[Date Prev][Date Next][Thread Prev][Thread Next][Date index][Thread index]

Re: st: svy: tabulate or proportions

From   "Chao Yawo" <>
Subject   Re: st: svy: tabulate or proportions
Date   Tue, 29 Jul 2008 17:54:02 -0400

Thanks very much.  I probably wasn't too clear in my original post

I am examining the relationship between HIV testing behaviors (whether
people plan to take the test, etc) and a number of socio-demographic
and epidemiological variables.  At a minimum, I wanted to understand
the distribution of all my predictors before running crostabs

I know svy: tab can produce both the estimated proportions (just like
the %s displayed in frequency tables) and the crosstab  estimates.

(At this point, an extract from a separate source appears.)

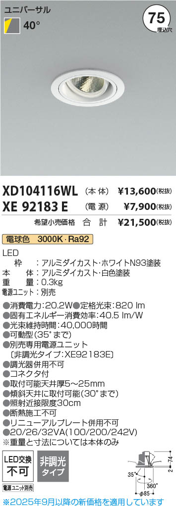 Koizumi ¥³¥¤¥º¥ß¾ÈÌÀ LED¥æ¥Ë¥Ð¡¼¥µ¥ë¥À¥¦¥ó¥é¥¤¥È ËÜÂÎ XD104116WL

And
both of these allow one to make assumptions about the underlying

Hence the question -- whether it is appropriate to use the svy:
estimation commands once I am dealing with such a survey sample... or
to revert to non-survey commands.

thanks - CY

On Tue, Jul 29, 2008 at 12:36 PM, Stas Kolenikov <> wrote:
> On 7/25/08, Chao Yawo <> wrote:
>>  I am using svy commands to analyze a DHS dataset.
>>  As a usual prerequisite, I want to run some descriptive statistics on
>>  my sample.  I can use the regular tabulate or fre commainnd to produce
>>  frequency distributions.
>>  However, I realized that svy has a "tabulate" or "proportions" option
>>  that could produce frequency distributions/estimates per variable.  I
>>  run both and realized slight differences between the two frequencies
>>  outputs.
>>  Which one should I use - I am leaning towards using the one with the
>>  svy: prefix.
>>  I would appreciate any thoughts and pointers.
> Well as Steven said, what is it exactly that you want to figure out?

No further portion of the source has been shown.